Abbiamo usato l’ultimo sprint per preparare in parallelo il materiale necessario (server e asset vari) a predisporre gli ambienti che avrebbero ospitato il nuovo prodotto, più alcune landing page (che erano state preparate, separatamente, dal team di marketing).

Il nostro prodotto, un MVP non a metà, ma completo delle caratteristiche necessarie a soddisfare le esigenze degli utenti, è stato rilasciato in produzione due mesi dopo l’incontro iniziale.

nfine, gli utenti che avevano partecipato all’inizio del processo sono stati invitati ad usare il nuovo prodotto, ora ufficialmente messo in produzione.Il prodotto ha funzionato, gli utenti lo hanno usato e progressivamente nuovi utenti sono stati invitati dall’Azienda-X (attraverso email e test A/B) ad usarlo.

Il processo di apprendimento per l’Azienda-X non si è fermato qui: oltre ad aver creato un prodotto, hanno incorporato una metodologia all’interno della loro organizzazione.

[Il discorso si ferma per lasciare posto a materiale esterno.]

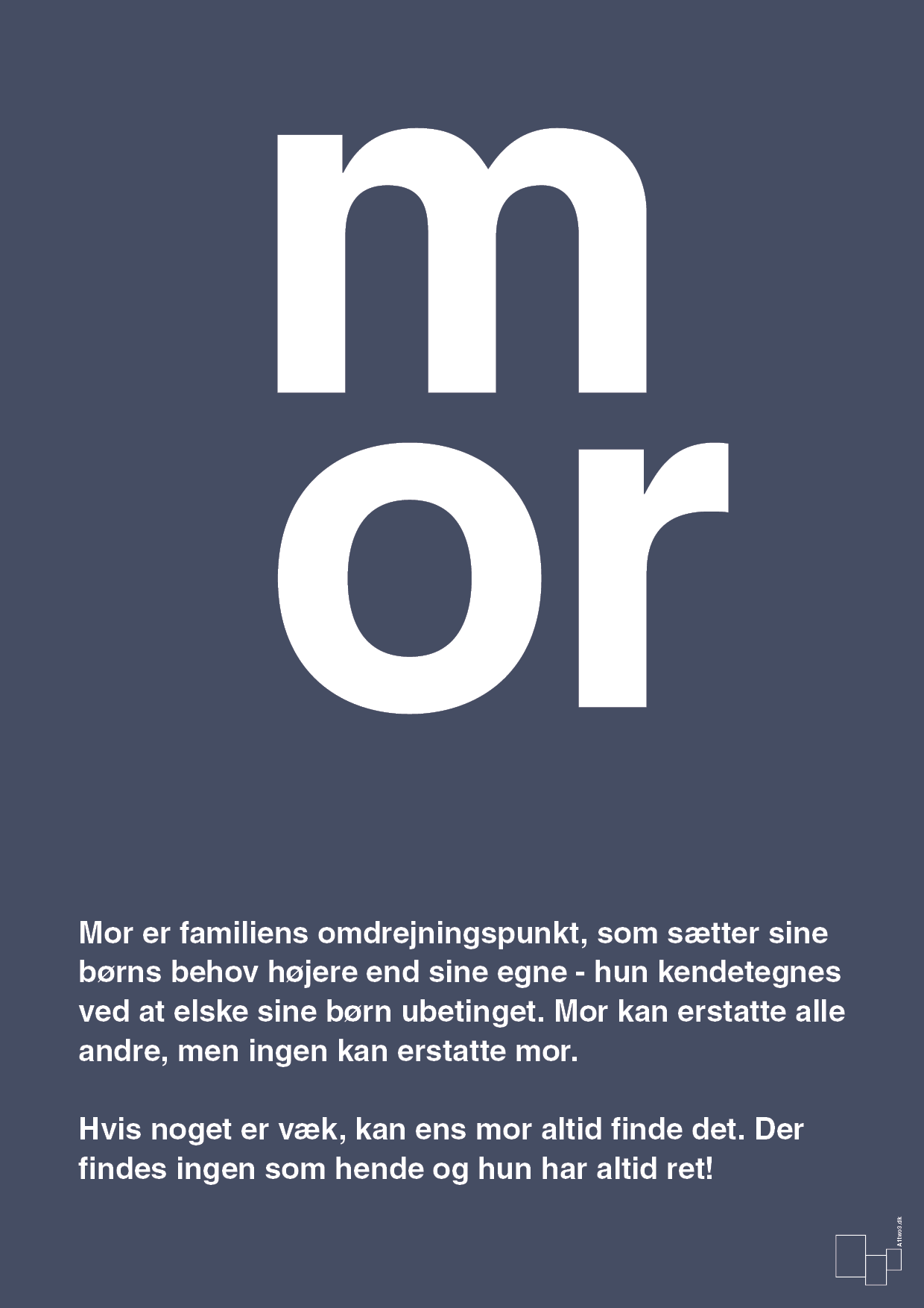 Plakaten definerer mor som den, der sætter sine børns behov over alt andet, elsker ubetinget og altid kan finde det, der er væk – og som (selvfølgelig) altid har ret. Et genkendeligt smil på væggen, der rammer både børn og voksne.

Una metodologia che include elementi del design thinking e del metodo agile, che è stata raffinata nel tempo e ci ha condotto alla scoperta di nuove opportunità. Un metodo utile alla comprensione del loro potenziale e talvolta anche alla decisione di non portare avanti un prodotto o un’idea perché non sarebbe stata performante.

 

Conclusione

 

Delineare il perimetro dell’attività della metodologia di design thinking che andiamo ad applicare è fondamentale per focalizzare la questione principale. La questione principale non è quanto spenderemo o quanto tempo ci vorrà per realizzare un prodotto, ma qualcosa di molto più ampio come – Quali sono le caratteristiche che servono veramente al mio target e come posso fornirle nel minor tempo possibile?”